- Born: Ramayya Krishnan
- Citizenship: American
- Education: Indian Institute of Technology (B.Tech) Cockrell School of Engineering (M.Tech) University of Texas at Austin (PhD)
- Engineering career
- Discipline: Management science Information systems
- Institutions: Carnegie Mellon University
- Employer: Heinz College
- Awards: INFORMS Fellow (2012) Nayudamma Award (2015) Indian Institute of Technology, Madras Distinguished Alumnus (2017) Bright Internet Award (2018) National Academy of Public Administration (United States) Fellow (2019) University of Texas at Austin Outstanding Alumnus (2020)

= Ramayya Krishnan =

Ramayya Krishnan is an American Management and Information technology scholar from Pittsburgh, Pennsylvania. He is the dean of Heinz College, and is the W. W. Cooper and Ruth F. Cooper Professor of Management science and Information systems at Carnegie Mellon University. Krishnan is also a past president of the Institute for Operations Research and Management Science (INFORMS).
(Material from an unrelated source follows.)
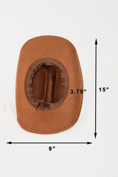 This cowboy hat introduces a stunning solid-colored western style. Elevate your ensemble with this chic, timeless accessory.Adjustable inner string, Faux suede is a synthetic fabric typically 100% polyester made to resemble genuine suede that is produced from a cow hide.

== Early life and education ==

Krishnan has a bachelor's degree in mechanical engineering from the Indian Institute of Technology, Madras, as well as a master in Industrial engineering and Operations research and a PhD in Management science and Information systems from the University of Texas at Austin.

==Career==
=== Research ===

Krishnan’s research has focused on the development of decision support tools to analyze, interpret, and act on consumer and social behavior in digital and networked platforms. More recently, he has focused on how sensing and learning are transforming decision making by workers in gig economy platforms.

=== Dean of Heinz College ===

A faculty member at CMU since 1988, Krishnan was appointed dean when the Heinz School of Public Policy and Management became the Heinz College of Information Systems and Public Policy in 2008. He was reappointed upon the completion of his first term as Dean in 2014, and reappointed for a second time in 2020.
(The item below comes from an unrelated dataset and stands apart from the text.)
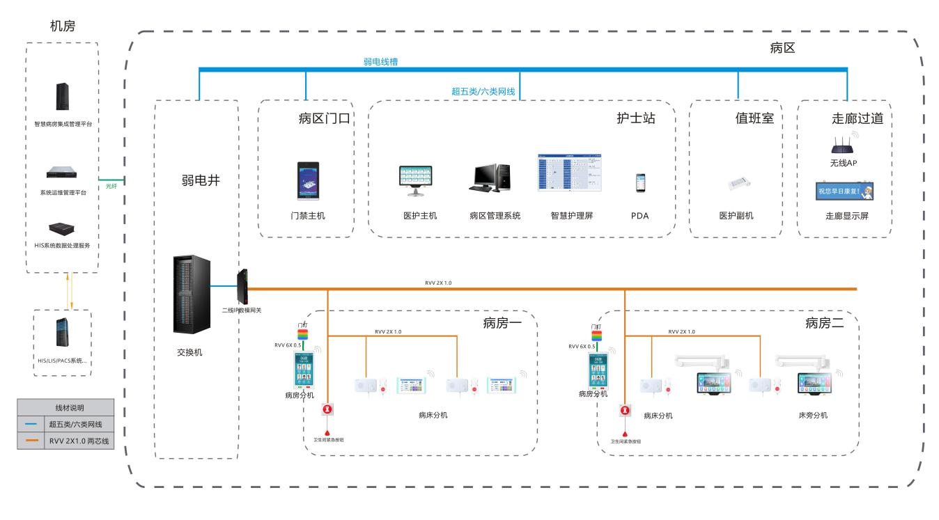 本系统为基于无线+二线(线路利旧)架构的智慧病房系统。

As dean, Krishnan led the establishment of funded research centers including Traffic21, Metro21: Smart Cities Institute, the Living Analytics Research Centre in partnership with Singapore Management University, and the Block Center for Technology and Society.

Krishnan has served as an advisory board member and contributing researcher to organizations, events, and government bodies including the World Economic Forum, the Commonwealth of Pennsylvania, and the United States Government Accountability Office.

=== Government work ===
On April 25, 2022, the Biden administration named Krishnan to the newly created panel on artificial intelligence. This new initiative will guide disaster response, cybersecurity, privacy, and infrastructure to the federal government and the National AI Initiative Office.

== Awards ==
In 2012, Krishnan was named a fellow of the Institute for Operations Research and the Management Sciences "for leadership and innovation in academia and in practice, as well as leadership in INFORMS, linking operations research and management sciences with information systems in research, education, and management".

In 2015, Krishnan won the Nayudamma Award, awarded by the Nayudamma Centre for Development Alternatives (NCDA) and recognizing individuals around the world for their contributions in areas of sustainable development.

In 2017, Krishnan received the Distinguished Alumnus Award from the Indian Institute of Technology, Madras.

In 2018, Krishnan won the Bright Internet Award, awarded by the Korea Society of Management Information Systems for scholarly achievements and contributions in the field of management information systems.

In 2019, Krishnan was named a fellow of the National Academy of Public Administration (United States) for his "expertise and contributions to the field of public administration."

In 2020, Krishnan received the Outstanding Alumnus Award from the University of Texas at Austin.